Section 16.  No Obligation to Exercise Option.

     Granting of an option shall impose no obligation on the
optionee to exercise such option.

Section 17.  Stock Withholding Election.

     When taxes are withheld in connection with the exercise
of a stock option by delivering shares of stock in payment
of the exercise price, or an SAR for stock, or upon the
lapse of restrictions on restricted stock received upon the
exercise of an option (the date on which such exercise
occurs or such restrictions lapse hereinafter referred to as
the "Tax Date"), the optionee may elect to make payment for
the withholding of federal, state and local taxes, excluding
Social Security and Medicare taxes, up to the optionee's
marginal tax rates, by one or both of the following methods:

      (i) delivering part or all of the payment in
          previously-owned shares (which shall be valued at
          fair market, as defined herein, on the Tax Date)
          held for at least six months, whether or not
          received through the prior exercise of a stock
          option or SAR for stock; or
     
     (ii) requesting the Company to withhold from those
          shares that would otherwise be received upon
          exercise of the option, upon exercise of an SAR
          for stock, or upon the lapse of restrictions, a
          number of shares having a fair market value (as
          defined herein) on the Tax Date equal to the
          amount to be withheld.  The amount of tax
          withholding to be satisfied by withholding shares
          from the option exercise is limited to the
          minimum amount of taxes, excluding Social
          Security and Medicare taxes, required to be
          withheld under federal, state and local law.

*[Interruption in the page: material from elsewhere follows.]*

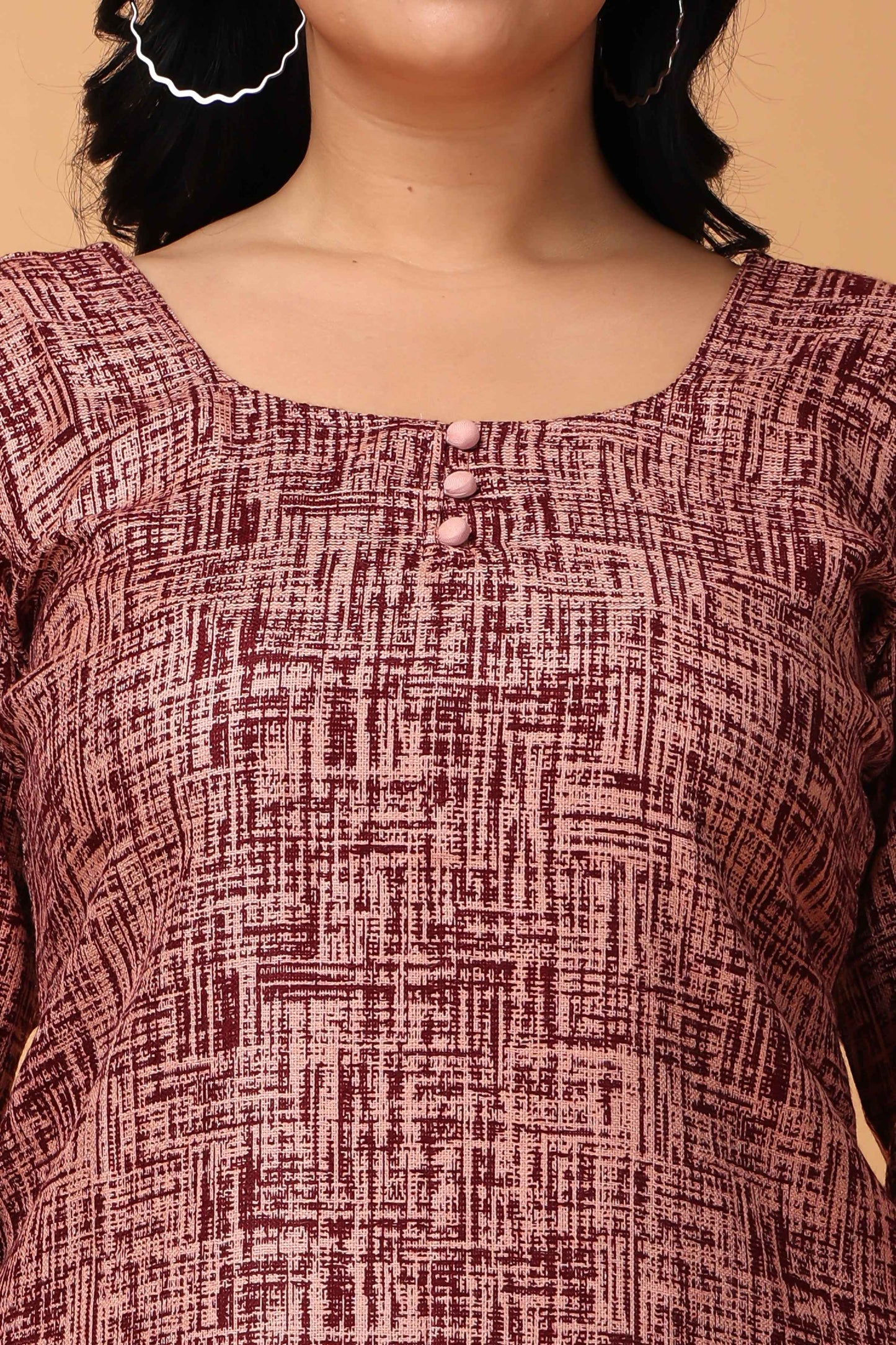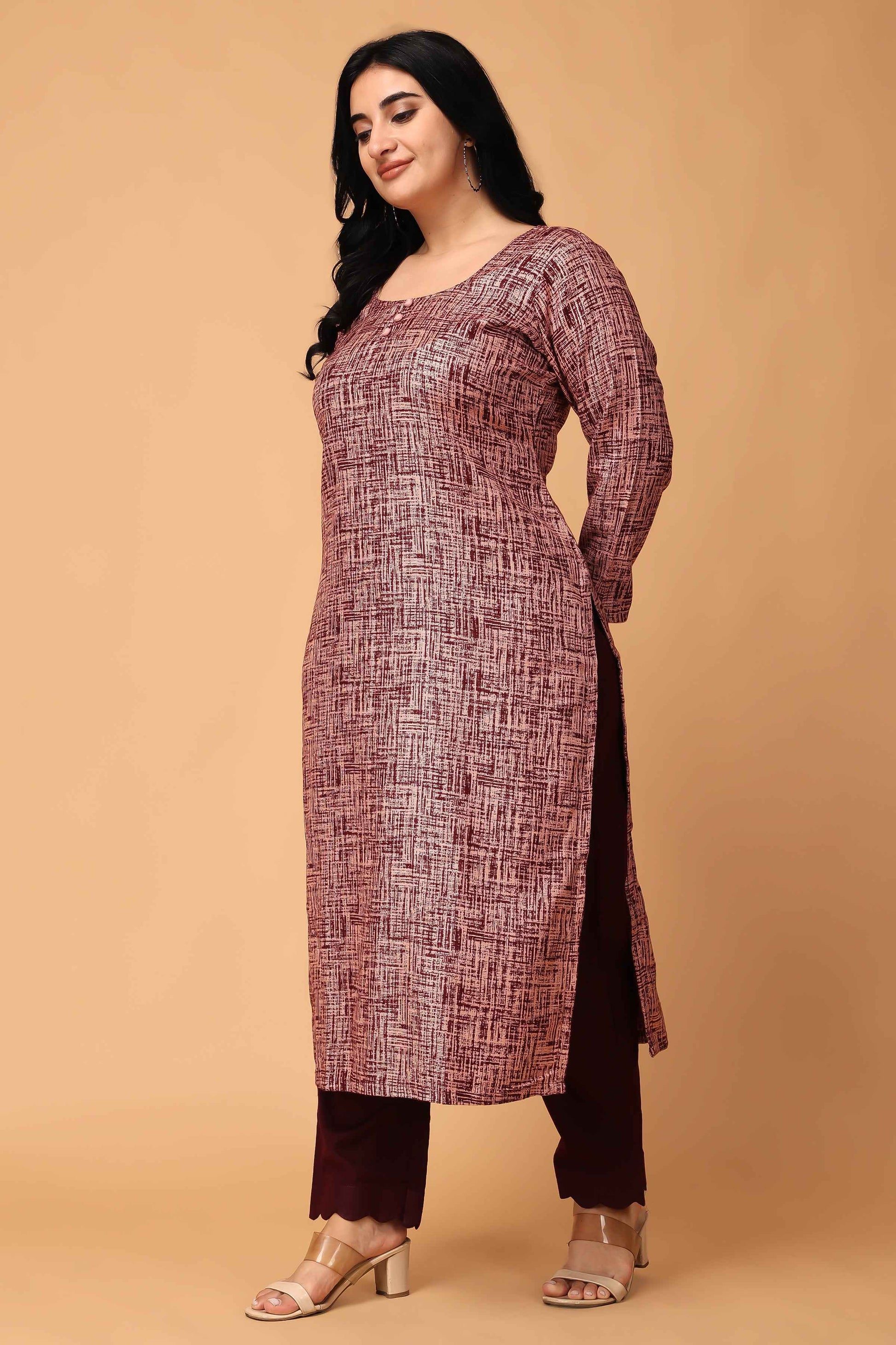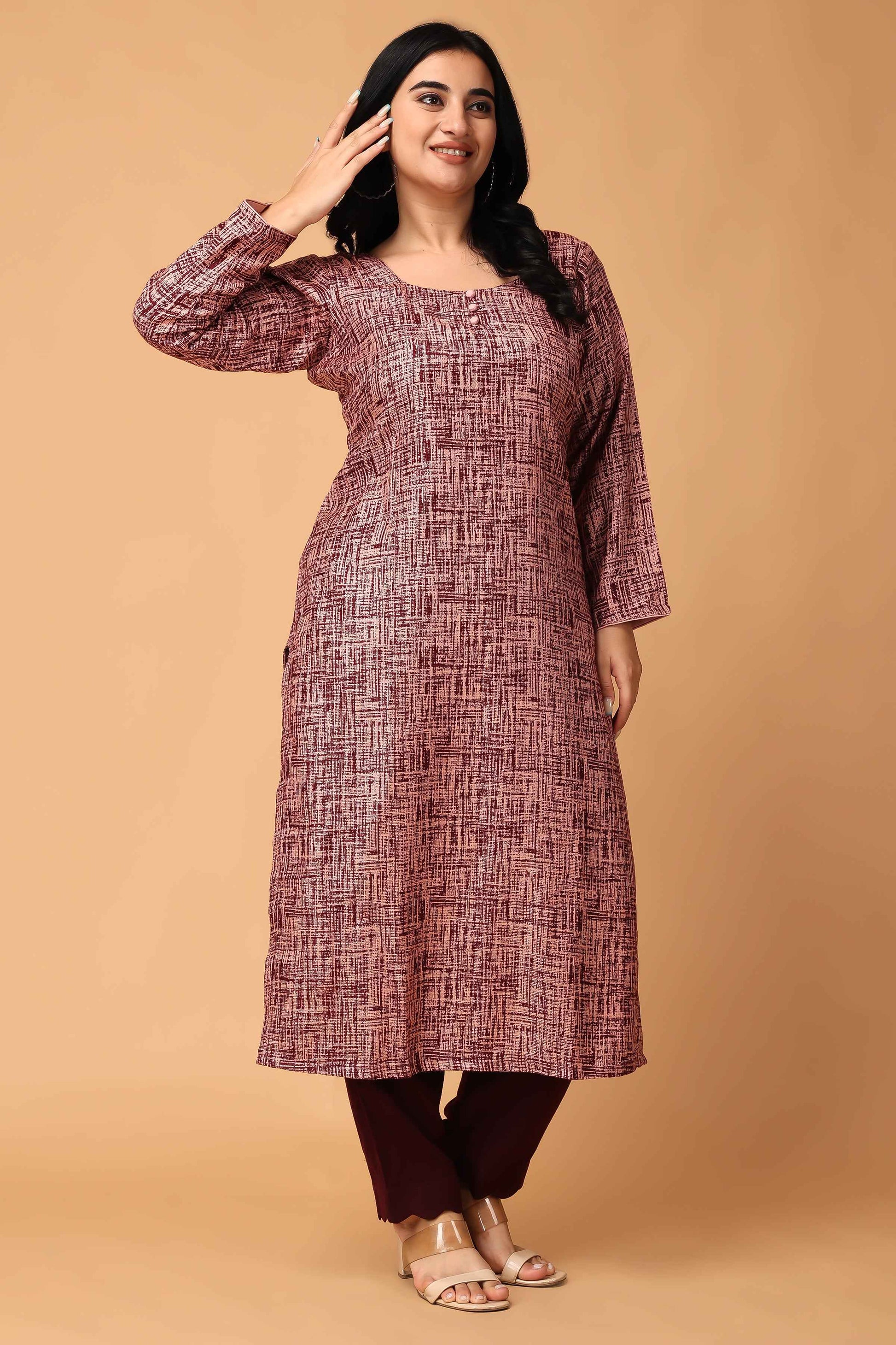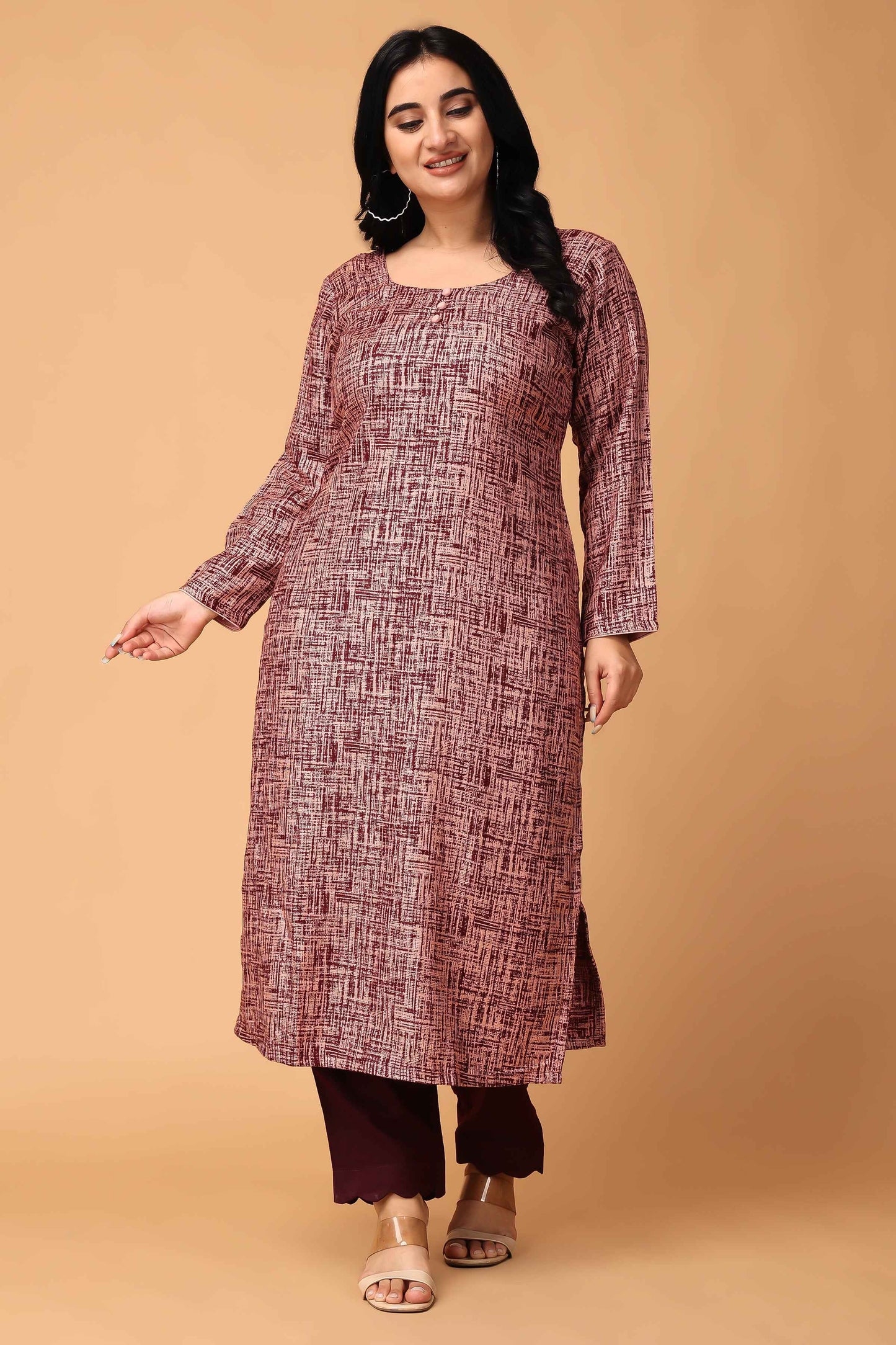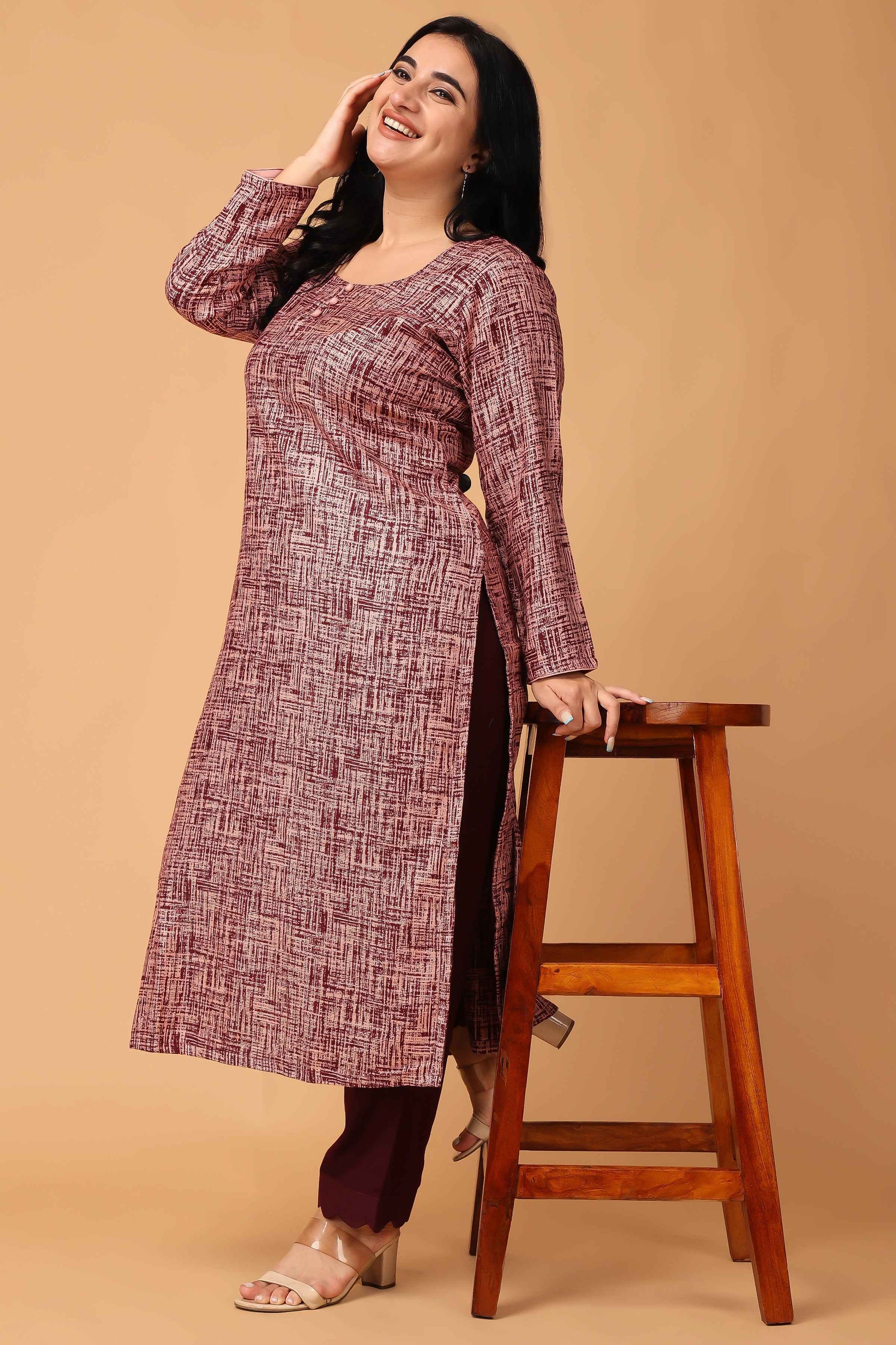 Introducing our Woollen Textured Kurta Set, a must-have for your winter wardrobe. Crafted from Cashmilon fabric, this set features a stylish texture in an eye catchy combination of Wine & Onion, adding a touch of sophistication to your look. The round neckline with mock detailing and full sleeves make it perfect for the season. It is paired with Wine bottom that makes it cozy and chic and all set to turn heads.

Such election is irrevocable.  Any Social Security and
Medicare taxes, any fractional share amount and any
additional withholding not paid by the withholding or
surrender of shares must be paid in cash.  If no timely
election is made, cash must be delivered to satisfy all tax
withholding requirements.

     Optionees who are subject to Section 16 of the
Securities Exchange Act of 1934 ("Insiders") making an
election pursuant to (i) or (ii) of the immediately
preceding paragraph must do so: (a) at least six months
after the date of grant of the option or SAR; and (b) within
a "window period" as defined in Rule 16b-3(e)(3) under the
Securities Exchange Act of 1934 or at least six months in
advance of the Tax Date.  An election by an Insider to
deliver stock or have stock retained to satisfy tax
obligations is subject to the approval of the Committee and
to such rules as the Committee may from time to time adopt.